Silica Gel G stands out on thin-layer chromatography because of its unique structure: a porous, finely powdered sediment with a precise chemical makeup. Unlike some basic grades, this variant often features calcium sulfate as a binder. The extra letter "G" gives away this detail — it stands for "with gypsum," not just pure silica gel. The binder lends strength, stopping the stationary phase from flaking or cracking even after rough handling, a small but crucial detail during a rushed multi-step experiment. Another benefit shows up during high humidity conditions; plates don’t slump or lose their edge, while others can give up at the sight of a little water vapor.
Comparing Silica Gel G to unmodified silica gel comes down to performance and reliability. Some plates crumble at the tiniest drop of solvent or on an anxious walk from reagent shelf to bench. The "G" variety prefers to stick around and supports repeated handling. Scrapes from watching solvent fronts move, or rough scribbles with a pencil, rarely bother the silica layer so the chromatogram doesn’t blur and the results don’t leave the researcher guessing. This kind of consistency builds confidence, especially during a string of late-night runs or in student teaching labs where abuse is more likely than not.

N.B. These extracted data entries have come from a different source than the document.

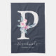 SOFT BLUSH BLUE NAVY FLORAL ALPHABETS LETTER P KITCHEN TOWEL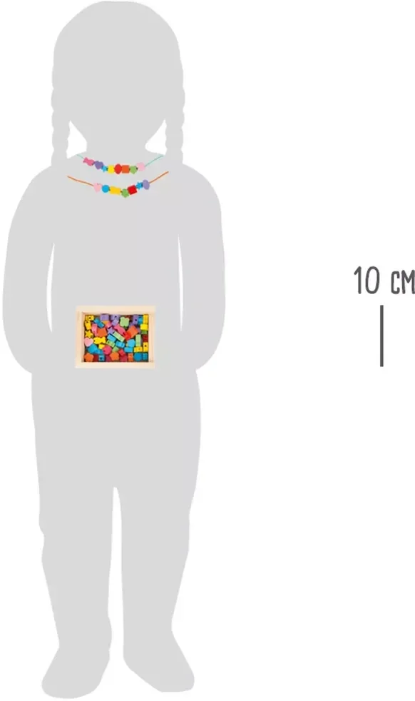 Qu'il s'agisse d'étoiles, de cœurs ou de fleurs, dans ce coffret en bois contenant des perles en bois certifié FSC® à 100 %, il y a ce qu'il faut pour chaque créateur de bijoux et il n'y a pas de limites à la créativité. C'est ainsi que de superbes colliers ou de jolis bracelets peuvent être créés. Enfiler des perles et des pierres entraîne la coordination œil-main et la motricité fine. Quel bijou sera créé ensuite ?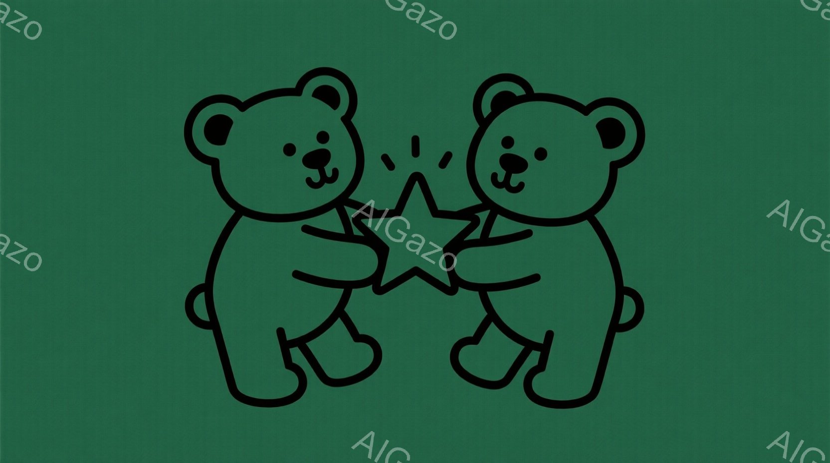 2匹のクマが星形のオブジェクトを抱え合っているシンプルなイラストです。クマたちは輪郭だけで描かれており、表情は示されていませんが、寄り添う様子から温かい雰囲気が伝わってきます。背景は単色の濃い緑色で、他に建物や自然といった要素はありません。

Plates might look identical at first glance, but a closer look reveals how Silica Gel G distinguishes itself. Typical layer thickness hovers around 250 microns. During hands-on experience, this translates to a nimble balance—thick enough to keep the separation defined and robust during use, thin enough to cut down on solvent waste and maintain sharp spot definition.

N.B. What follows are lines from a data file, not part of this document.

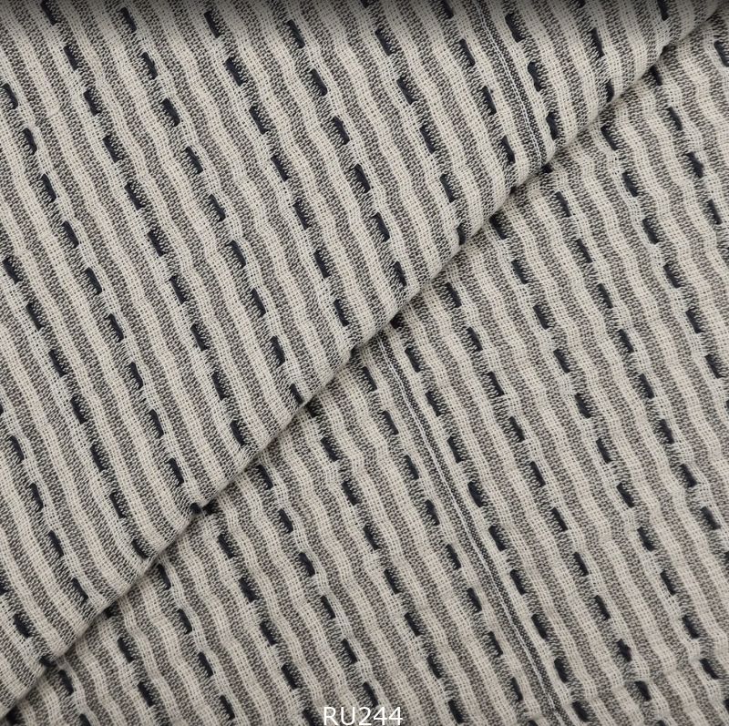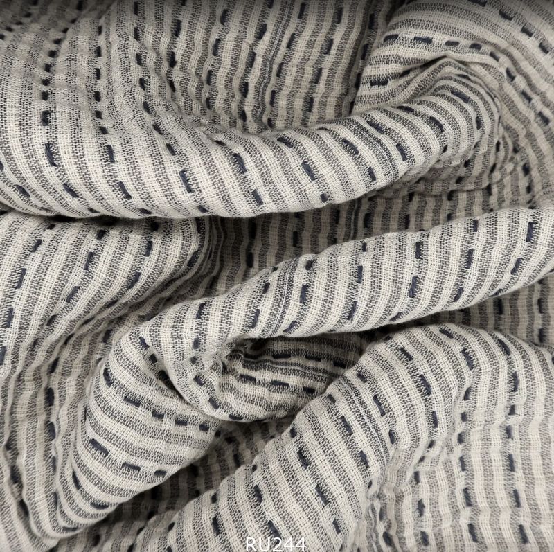 Эта ткань выполнена в технике многослойного ткачества и стёжки. где тонкие хлопковые нити создают рельефный узор в виде точек и линий. Мягкая фактура и лёгкая воздушность делают её не только декоративной. но и функциональной — она хорошо держит форму и при этом остаётся дышащей и приятной на ощупь. Стёганый хлопок традиционно использовался в Индии для создания лёгкой. но прочной одежды и покрывал. Сегодня он вдохновляет дизайнеров на создание пальто. жакетов. жилетов и аксессуаров. которые ценят фактуру и аутентичность ручной работы.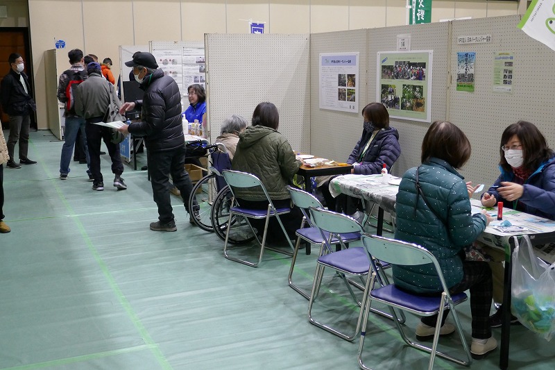 育館や屋外にブースを設けて、それぞれ施行を凝らして日頃の活動の成果を展示され、来場者への説明やアピ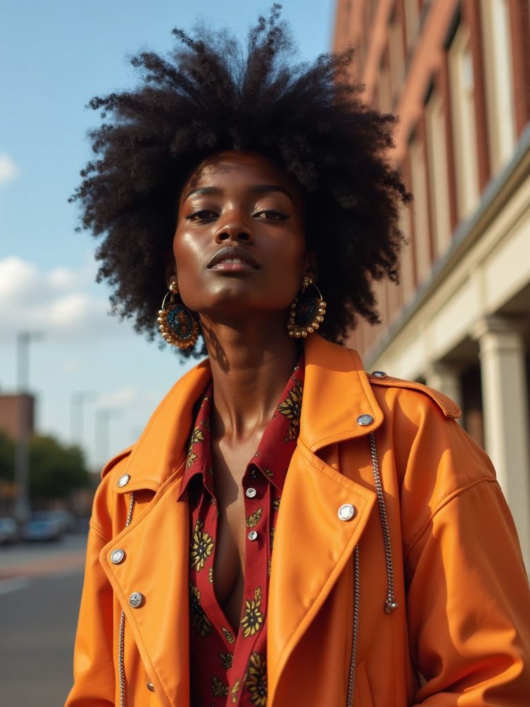 Fashion insanely beautiful model on location shoot. Wearing seasonal collection pieces, dynamic pose . Urban backdrop, professional fashion photography.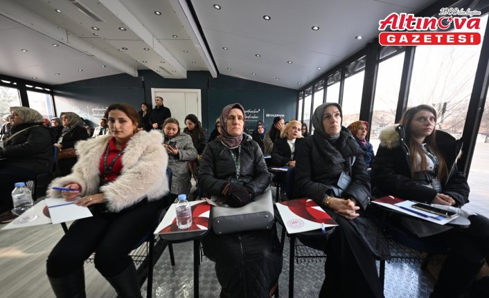 Anıtpark Alanı'nda konuşlandırılan eğitim tırında, 2 oturumda 90 kadına girişimcilik eğitimi verildi.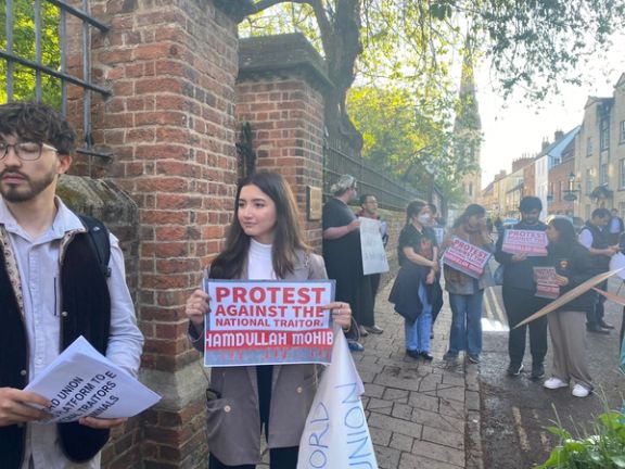 شماری از افغانها در اعتراض به سخنرانی حمدالله محب در برابر انجمن آکسفورد تجمع کردند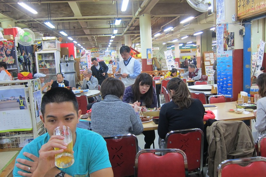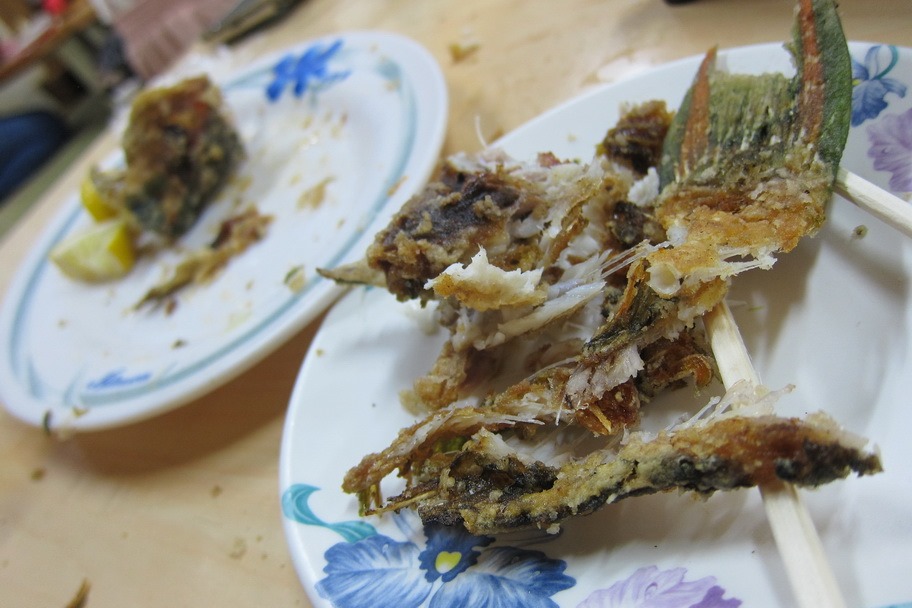 Our market vendor brought our fish upstairs to a restaurant and instructed them to fry it up for us. Although the sashimi was only average, the fish was fresh and yummy. It was a white fish, and I had a fun time picking through the bones. I’m not sure what kind of fish it was, but it was tasty!

Particle size also shapes the results. Silica Gel G usually features particles between 5 and 40 microns. The finer grains provide superior surface area for adsorption, making for crisp spots and well-separated bands. Larger particles, or blends with inferior control, can get messy; bands start bleeding, and closely related compounds show up like ghosts instead of solid spots. Once the particles stay tight and uniform, development time shrinks, and the solvent climbs at a pace that keeps the run short but productive.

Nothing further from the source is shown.